Junk Science and the American Criminal Justice System
“Often riveting, well-researched, and utterly convincing, this book sounds a frightening alarm about unreliable expert testimony in the courtroom.”
When DNA evidence reverses the convictions of wrongfully convicted prisoners, we all applaud. But we seldom wonder: on the basis of what evidence were the newly exonerated found guilty in the first place? In his eye-opening Junk Science, M. Chris Fabricant, a director of the Innocence Project, offers an answer.
“Nearly half of all wrongful convictions overturned by DNA evidence involve misuse of forensic evidence,” he writes. Forensic evidence is the kind much-touted on TV shows like CSI and Forensic Files: from analysis of bloodstains, handwriting, and tire prints to hair and fiber testing and arson investigation.
In his 20-year legal career, Fabricant has served as a public defender and clinical law professor, and has litigated death penalty cases in the South and misdemeanors in the South Bronx.
His book hones in on bite-mark evidence, which has been presented by “expert witnesses”—forensic dentists—for many years as scientific proof of guilt in murder cases. Since 2012, as head of Innocence Project’s strategic litigation department, he has worked on cases of convictions involving bite-mark evidence.

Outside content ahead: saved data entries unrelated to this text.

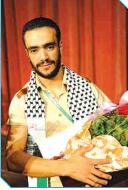
جمعها: حسان مرابط - فيصل شيباني - عبد العالي مزغيث - نادية سلطاني - حنان حملوي

التتويج فاجأني، وأنا سعيد لثقة لجنة التحكيم، وأشكرها على هذا التتويج.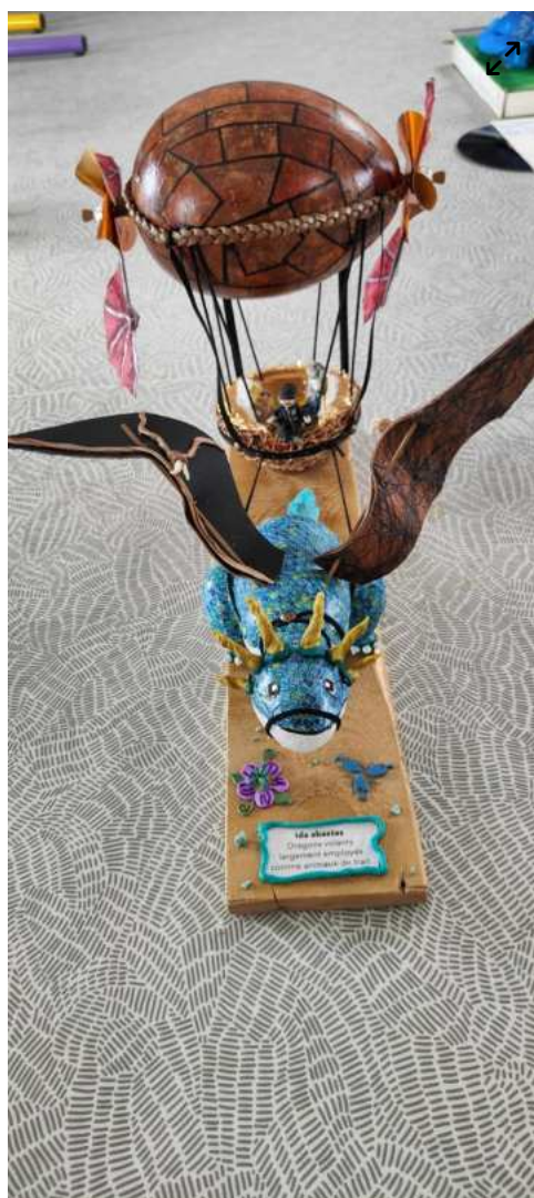
Catégorie objets 6° 5° – CLG Othe et Vanne – Aix Villemaur Pâlis – LECONTE-GOUJON Eiléanor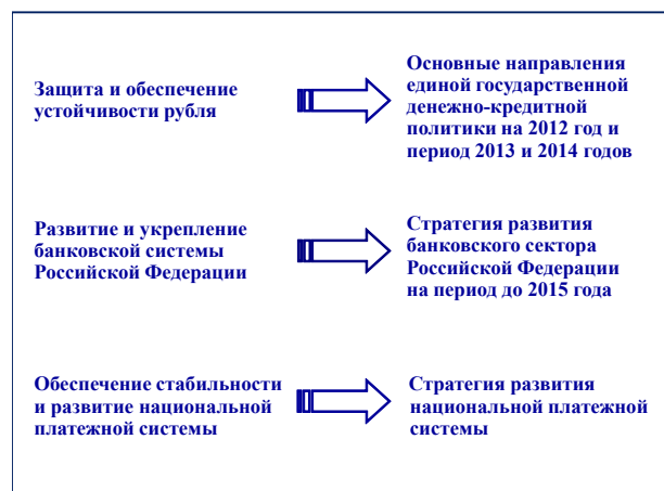
Рис. 1. Цели деятельности Банка России и программные документы

с выполнением функции по установлению правил расчетов в Российской Федерации. Кроме того, Банку России вменена обязанность по разработке и принятию Стратегии развития национальной платежной системы. Таким образом, каждой цели деятельности Банка России в настоящее время будет соответствовать отдельный программный документ (рис. 1).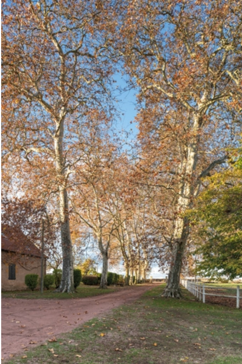
Allée devant le château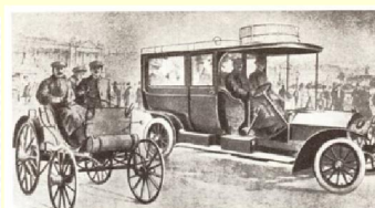
Первый бензиновый автомобиль, появившийся в России — «Панор-Лексдор» 1894 года. Справа — машина той же марки 1902 г.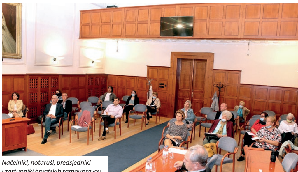
Načelniki, notaruši, predsjednici i zastupnici hrvatskih samoupravov

stavilo mnogo pitanj. U medjusobnoj diskusiji na ovoj temi više je bilo jasno, da postoji zamisao da umjesto centra se zaposli človik ki bi bio mobilno nadležan za hrvatske interese od Bizonje do Unde. Dr. Franjo Pajrić je kritizirao županijske samouprave čija zadaća, po njegovom mišljenju, ne bi smila biti isključivo podiljenje materijalnih sredstava, nego npr. i osnivanje županijske hrvatske ustanove. Marijana Pajrić je pozvala sve nazočne na skupno razmišljanje i na davanje pomoći da se konačno realizira i njeva sanja o osnivanju Hrvatskoga centra, u održavanju županijske Hrvatske samouprave. Ivan Gugan je dao podršku i ovoj formi i ponudio je svoju pomoć, informacije a i dosadašnje iskustvo s utemeljenjem takovih institucij, dokle je glasnogovornik Jozo Solga i artikulirao jur i konkretni okvir te zamisli. Ako hrvatske samouprave na području županije stupu u udruženje i na suradnju sa županijskom Hrvatskom samoupravom, inicijativa dobit će i pravni oblik. U završetku foruma je Marija Pilšić još dodala da na slijedećoj sjednici županijske Hrvatske samouprave ponovo će se baviti s ovom temom i odlučiti, u kom formatu da se napravi hrvatski centar u nadležnosti županijske Hrvatske samouprave i nadalje je proslila nazočne da i u budućnosti potpiraju nastojanja i djela Hrvatov u svakom naselju.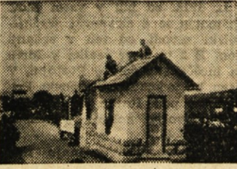
Alegorični voz: obnovitvena dela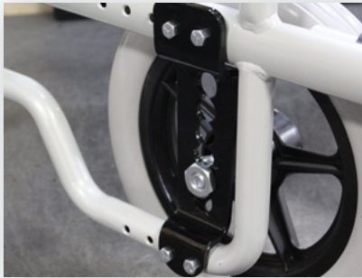
Réglage de l'essieu arrière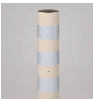
グレーベージュ 景観配慮色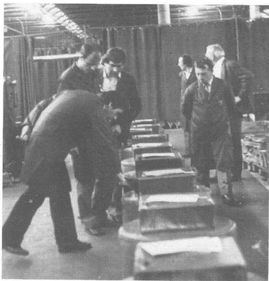
Strokovna komisija je tehtno ocenjevala delo varilcev

Prvega tekmovanja kovinarjev so se udeležili delavci iz naslednjih delovnih sredin: Ilirija-Vedrog, Plutal, SGP Grosuplje tozd Strojni park, Iskra tozd PMD, Slovenijales - Žičnica, Kovinska industrija Ig, Iskra Horjul, Avtomontaža tozd Utensilia, IGO in SZ Tovil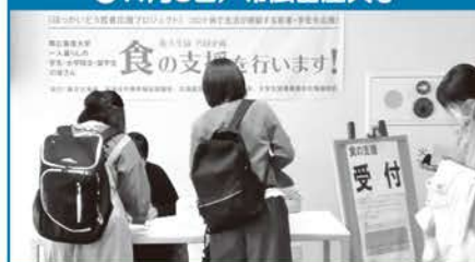
●11月8日/帯広畜産大学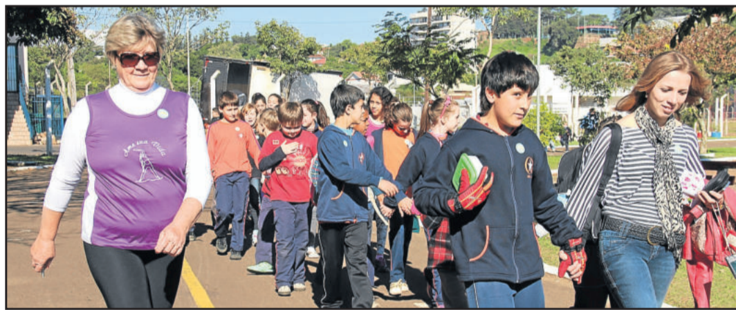
Em 2014, Estrela realizou o desafio no Parque Princea do Vale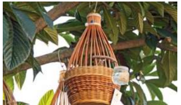
Quaglia (Coturnix coturnix).

La “via” degli uccelli da gabbia – voliera e gli animali da cortile .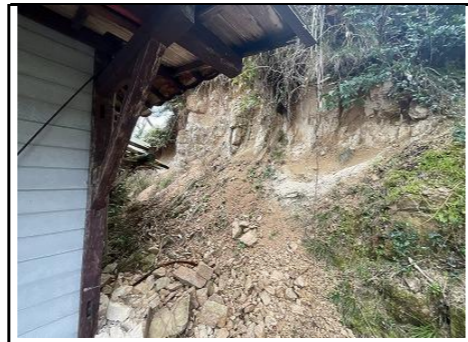
倉庫南側 斜面状況

Much of Junk Science details wrongful convictions and imprisonments based on the supposed science of bite-mark analysis. If nothing more, readers will leave the book realizing such evidence is worthless. As the National Academy of Sciences concluded in a massive 2006 report on the state of forensic sciences in the United States, none of the forensic approaches accepted in criminal courts has been subjected to scientific scrutiny.
As Fabricant observes, forensic evidence, with “no basis in science,” has been accepted by the criminal justice system for the past 50 years.
Once hailed as an “overlooked crime-solving technique,” the analysis of “bite marks” on murder victims has simply been a “subjective interpretation” of bruises, he writes. Forensic dentists “persuade jurors to see what they see. See that? That’s a bite mark.”
“Deciding an injury is a bite mark is like deciding a cloud looks like an elephant.”
In 1982, Gerry Vale, a founder of the American Board of Forensic Odontology, wrote, “Experience in major criminal cases throughout the country, including the Theodore Bundy case in Florida, demonstrates that when bite mark evidence is effectively utilized it can have an enormous impact on the outcome of the case.”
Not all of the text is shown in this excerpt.